Convolution with np.convolve() in NumPy - Time & Space Complexity

We want to understand how the time it takes to run convolution with numpy's np.convolve() changes as the input size grows.

Specifically, how does the number of calculations increase when the input arrays get bigger?

Analyze the time complexity of the following code snippet.

import numpy as np

x = np.array([1, 2, 3, 4])
h = np.array([0.25, 0.5, 0.25])

result = np.convolve(x, h)
print(result)

This code convolves two arrays, combining them by sliding one over the other and multiplying overlapping values.

Identify the loops, recursion, array traversals that repeat.

• Primary operation: Multiplying and summing overlapping elements of the two arrays.
• How many times: For each element in the output, it multiplies elements from both arrays that overlap, repeating this for all positions.

As the input arrays get longer, the number of multiplications and sums grows roughly with the product of their lengths.

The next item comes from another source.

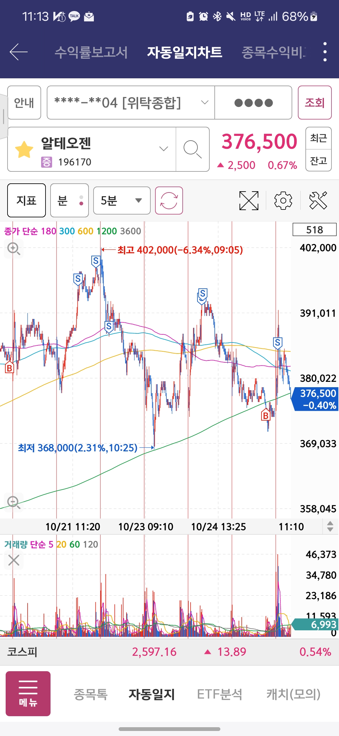 바이오 대장 테마 + 20일선 눌림 + 수급 확인 + 바이오 테마가 쉽게 죽지 않아서 다른 바이오 종목들이 오를때 미리 종가에 사놓고 다시 알테오젠 수급 들어오면 시가에 잔량 매도하였음.

Input Size (n)	Approx. Operations
10	About 100 multiplications and sums
100	About 10,000 multiplications and sums
1000	About 1,000,000 multiplications and sums

Pattern observation: Doubling the input size roughly squares the number of operations.

Time Complexity: O(n * m)

This means the time grows proportionally to the product of the lengths of the two input arrays.

[X] Wrong: "Convolution runs in linear time because it just slides one array over the other once."

[OK] Correct: Each slide position requires multiplying and summing multiple elements, so the total work depends on both array sizes multiplied together.

Understanding how convolution scales helps you explain performance in signal processing or data analysis tasks, showing you grasp how algorithms handle growing data.

"What if we used FFT-based convolution instead of np.convolve()? How would the time complexity change?"